-- Task to carry out --
The records that follow need to be printed exactly. Leave out each image.

[Dataset items]
------------------------------------------------

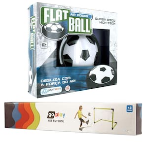 Flat Ball é um super disco high-tech que desliza com a força do ar! Jogar bola de mesa ou de chão dentro de casa sem quebrar nada é possível. Flat Ball desliza com a força do ar no piso frio, madeira ou carpete! O material macio utilizado na lateral do disco protege móveis e paredes. Invente o seu jogo, você pode jogar futebol, boliche, hockey e muito mais!
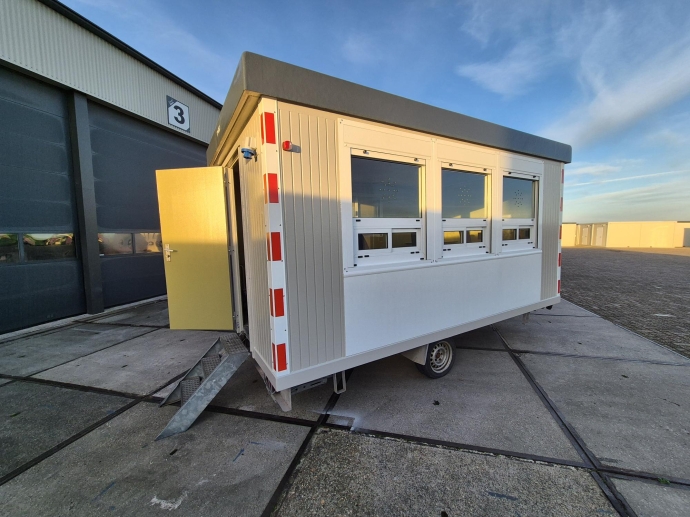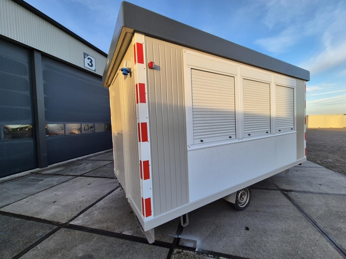 Die Abmessungen sind 6x3m. Ausgestattet mit Toilette und Küchen mit Wasserheizung.
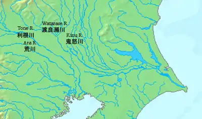 El shogunado del período Edo impulsó el control de los ríos de la llanura de Kantō, tanto para beneficiarse del cultivo de la tierra como del transporte ribereño de mercancías. Tokugawa Ieyasu nombró a Ina Tadatsugu (伊奈忠次) como Kantō Gundai (関東郡代, gobernador civil del Kantō rural). Tadatsugu y los sucesores de su clan, como Ina Tadaharu (伊奈忠治), supervisaron numerosas obras públicas en etapas múltiples y complejas para domar los ríos de la llanura de Kantō.
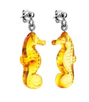 серьги из серебра с натуральным янтарём золотисто-лимонного цвета
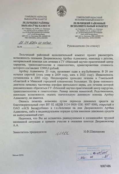 Оказать помощь возможно путем перевода денежных средств на благотворительный счет BY 02 AKBB 3134 0000 0281 8007 0000, открытый в ОАО «АСБ Беларусбанк» в г.п. Лельчицы на имя Двораковского Артёма Адамовича, либо путем внесения денег на номер телефона +375339900166.

------------------------------------------------

-- Result for this task --
 Flat Ball é um super disco high-tech que desliza com a força do ar! Jogar bola de mesa ou de chão dentro de casa sem quebrar nada é possível. Flat Ball desliza com a força do ar no piso frio, madeira ou carpete! O material macio utilizado na lateral do disco protege móveis e paredes. Invente o seu jogo, você pode jogar futebol, boliche, hockey e muito mais!
 Die Abmessungen sind 6x3m. Ausgestattet mit Toilette und Küchen mit Wasserheizung.
 El shogunado del período Edo impulsó el control de los ríos de la llanura de Kantō, tanto para beneficiarse del cultivo de la tierra como del transporte ribereño de mercancías. Tokugawa Ieyasu nombró a Ina Tadatsugu (伊奈忠次) como Kantō Gundai (関東郡代, gobernador civil del Kantō rural). Tadatsugu y los sucesores de su clan, como Ina Tadaharu (伊奈忠治), supervisaron numerosas obras públicas en etapas múltiples y complejas para domar los ríos de la llanura de Kantō.
 серьги из серебра с натуральным янтарём золотисто-лимонного цвета
 Оказать помощь возможно путем перевода денежных средств на благотворительный счет BY 02 AKBB 3134 0000 0281 8007 0000, открытый в ОАО «АСБ Беларусбанк» в г.п. Лельчицы на имя Двораковского Артёма Адамовича, либо путем внесения денег на номер телефона +375339900166.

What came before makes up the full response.